_Problem to solve_
From the data below, repeat exactly the lines from the line with "2.0*2.2床凉席三件套床裙200*220 枕套一对" to the line with "戴利研,经济学博士,MK体育", both included.

_Dataset records_
-- Opening Marker --

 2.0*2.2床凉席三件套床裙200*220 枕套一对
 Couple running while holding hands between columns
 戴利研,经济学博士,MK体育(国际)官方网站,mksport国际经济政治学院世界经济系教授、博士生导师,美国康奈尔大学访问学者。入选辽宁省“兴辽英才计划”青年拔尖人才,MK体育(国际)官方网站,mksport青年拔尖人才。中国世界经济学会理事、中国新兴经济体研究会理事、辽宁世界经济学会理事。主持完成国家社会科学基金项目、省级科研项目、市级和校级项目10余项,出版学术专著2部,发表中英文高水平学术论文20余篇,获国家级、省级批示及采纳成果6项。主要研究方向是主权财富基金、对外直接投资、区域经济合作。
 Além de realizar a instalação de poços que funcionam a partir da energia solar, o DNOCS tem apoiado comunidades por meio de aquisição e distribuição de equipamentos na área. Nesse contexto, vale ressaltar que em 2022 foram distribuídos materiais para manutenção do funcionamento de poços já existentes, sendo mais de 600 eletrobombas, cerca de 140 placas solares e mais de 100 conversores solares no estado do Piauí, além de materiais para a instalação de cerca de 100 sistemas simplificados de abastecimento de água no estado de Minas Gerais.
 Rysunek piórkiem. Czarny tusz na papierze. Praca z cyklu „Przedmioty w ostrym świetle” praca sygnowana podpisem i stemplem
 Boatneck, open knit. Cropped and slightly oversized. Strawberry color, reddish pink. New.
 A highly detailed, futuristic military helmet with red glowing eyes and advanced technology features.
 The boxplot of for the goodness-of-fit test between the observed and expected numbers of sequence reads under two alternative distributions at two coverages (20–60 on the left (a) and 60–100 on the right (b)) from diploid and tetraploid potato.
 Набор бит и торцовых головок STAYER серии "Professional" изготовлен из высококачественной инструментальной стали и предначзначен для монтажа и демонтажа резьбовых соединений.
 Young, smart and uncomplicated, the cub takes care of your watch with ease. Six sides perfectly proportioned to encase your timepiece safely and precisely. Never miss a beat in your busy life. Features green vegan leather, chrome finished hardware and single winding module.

-- Closing Marker --
-- Opening Marker --

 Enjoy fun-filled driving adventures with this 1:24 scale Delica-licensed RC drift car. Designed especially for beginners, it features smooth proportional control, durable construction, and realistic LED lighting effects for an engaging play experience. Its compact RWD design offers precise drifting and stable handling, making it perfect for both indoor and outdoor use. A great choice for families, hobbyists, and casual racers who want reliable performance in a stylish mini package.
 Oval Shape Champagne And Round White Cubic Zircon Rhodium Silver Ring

-- Closing Marker --
-- Opening Marker --

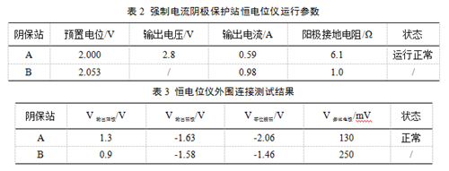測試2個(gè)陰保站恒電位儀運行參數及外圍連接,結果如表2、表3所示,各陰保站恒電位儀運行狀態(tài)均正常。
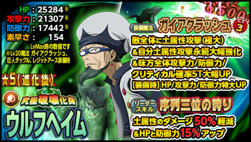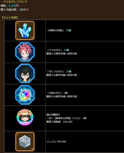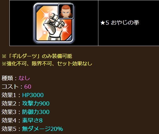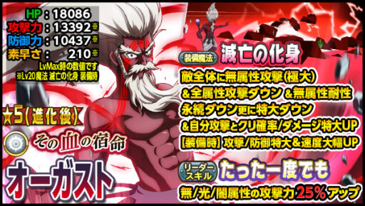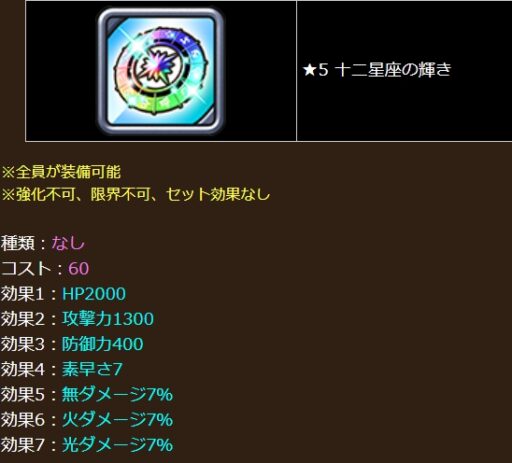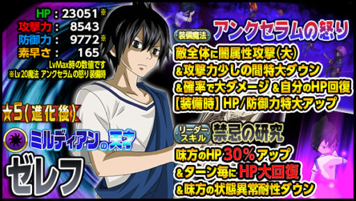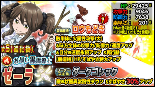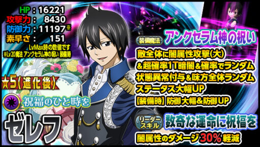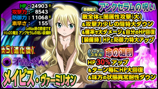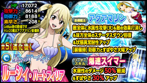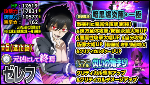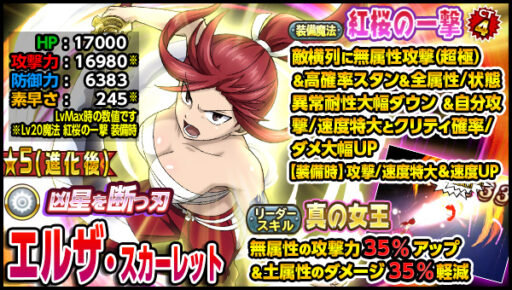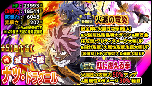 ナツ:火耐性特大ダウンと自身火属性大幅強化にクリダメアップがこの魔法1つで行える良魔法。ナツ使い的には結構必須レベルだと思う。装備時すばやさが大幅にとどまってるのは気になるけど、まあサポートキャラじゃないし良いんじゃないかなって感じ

-- Closing Marker --

_Response box_
 2.0*2.2床凉席三件套床裙200*220 枕套一对
 Couple running while holding hands between columns
 戴利研,经济学博士,MK体育(国际)官方网站,mksport国际经济政治学院世界经济系教授、博士生导师,美国康奈尔大学访问学者。入选辽宁省“兴辽英才计划”青年拔尖人才,MK体育(国际)官方网站,mksport青年拔尖人才。中国世界经济学会理事、中国新兴经济体研究会理事、辽宁世界经济学会理事。主持完成国家社会科学基金项目、省级科研项目、市级和校级项目10余项,出版学术专著2部,发表中英文高水平学术论文20余篇,获国家级、省级批示及采纳成果6项。主要研究方向是主权财富基金、对外直接投资、区域经济合作。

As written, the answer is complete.